First Civil Case against Bank under 2001 Anti-Terrorism Act Opens
Victims of terrorist attacks in Israel are attempting for the first time under the U.S. Anti-Terrorism Act of 2001 to hold a bank accountable for financing such operations.
A class-action lawsuit targeting the Jordan-based Arab Bank claims it supported two dozen terror attacks inside Israel from 2001 to 2004.
Arab Bank “knowingly and willfully” financially helped Hamas and other “terrorists who have killed, injured and maimed civilians” and “aided and abetted and conspired to commit said acts of international terrorism,” according to the lawsuit filed by 297 Americans.
The bank, one of the largest financial institutions in the Middle East, is accused specifically of assisting the Saudi Committee for the Support of Intifada Al Quds, which reportedly pays money to the families of terrorists killed in attacks.
The claims against Arab Bank constitute multiple violations of the Anti-Terrorism Act, making the institution liable for compensating the survivors of attacks, the plaintiffs say.
The litigation was filed in 2005, but was held up in pre-trial proceedings while the defendant’s lawyers tried to withhold bank records from being released to the plaintiffs.
“Finally, District Court Judge Nina Gerson ruled that if Arab Bank continued refusing to turn over its records, it could not use them in its own defense during the trial. And she said the jury would be told it could infer the bank’s wrongdoing when it comes to considering the evidence,” Stewart Ain reported for The Jewish Week.
The bank appealed Gerson’s ruling, claiming it was prohibited from turning over some of the requested records because of foreign bank privacy laws, but it was denied. Arab Bank claims it had nothing to do with selecting the payment recipients and checked them against a blacklist, on which none of them were named.

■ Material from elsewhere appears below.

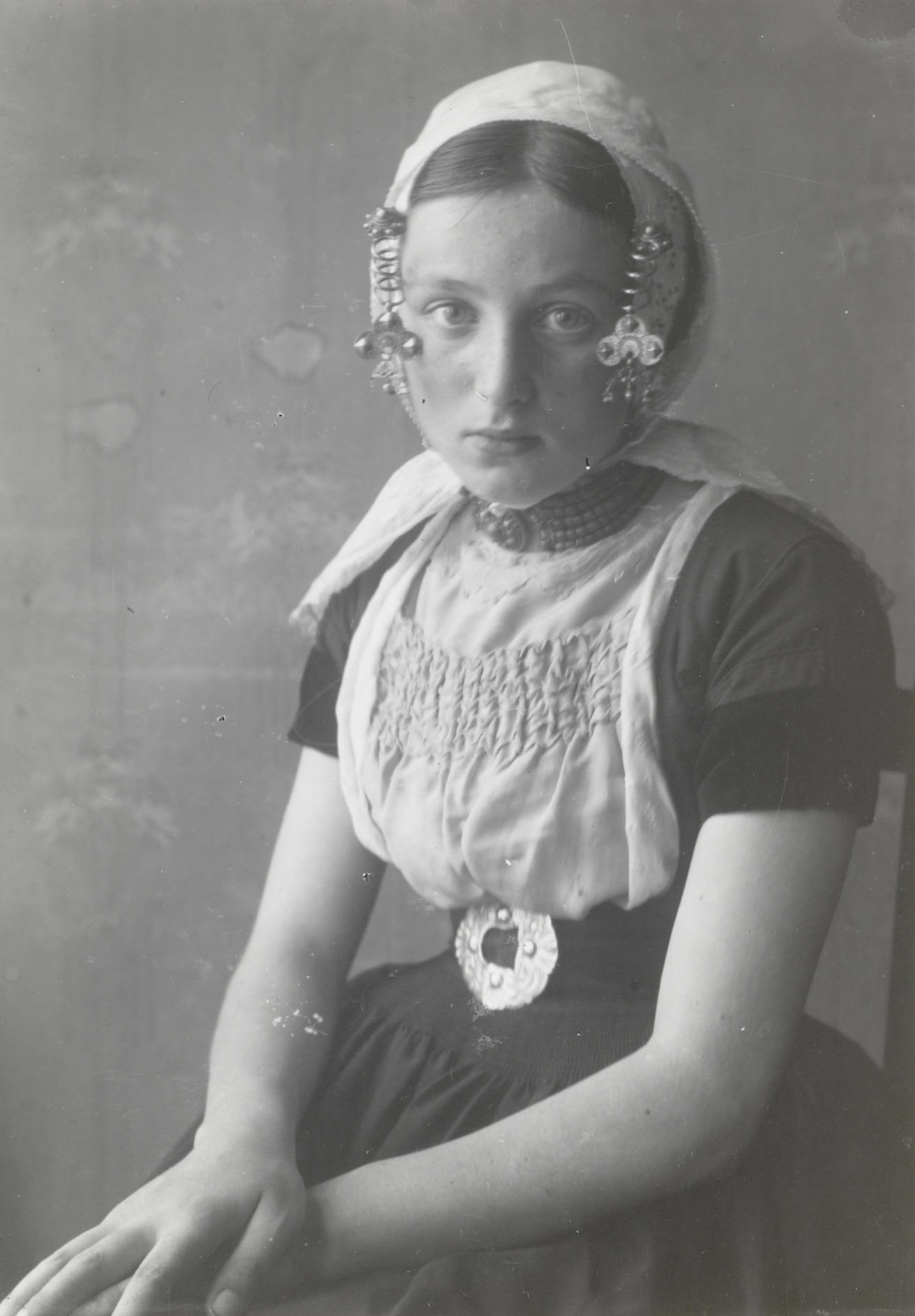 Meisje in Walcherse streekdracht. Het meisje is gekleed in kerkdracht. Een afgedankte zilveren schoengesp fungeert als ceintuurgesp. Aan de krullen van het oorijzer hangen oorijzerhangers, de zogenaamde 'strikken met waaiers'. Deze strikken werden gedragen in bepaalde dorpen langs de kust van Walcheren.

Some bank lawyers are concerned that a decision against Arab Bank would make all financial institutions responsible for the criminal activities of their customers.

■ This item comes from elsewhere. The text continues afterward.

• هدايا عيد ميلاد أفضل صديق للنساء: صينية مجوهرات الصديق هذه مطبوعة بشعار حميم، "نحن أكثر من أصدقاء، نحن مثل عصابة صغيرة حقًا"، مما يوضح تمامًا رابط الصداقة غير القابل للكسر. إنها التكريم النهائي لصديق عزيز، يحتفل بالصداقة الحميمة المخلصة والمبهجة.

The trial, which began on August 14, is expected to last about a month.
To Learn More:
Hamas Terror Trial Opens In Brooklyn (by Stewart Ain, Jewish Week)
Terrorism Trial of Mideast Bank Worries the Financial World (by Stephanie Clifford and Jessica Silver-Greenberg, New York Times)
NY Jury Told to Blame Bank for Gaza Terror (by Nick Divito, Courthouse News Service)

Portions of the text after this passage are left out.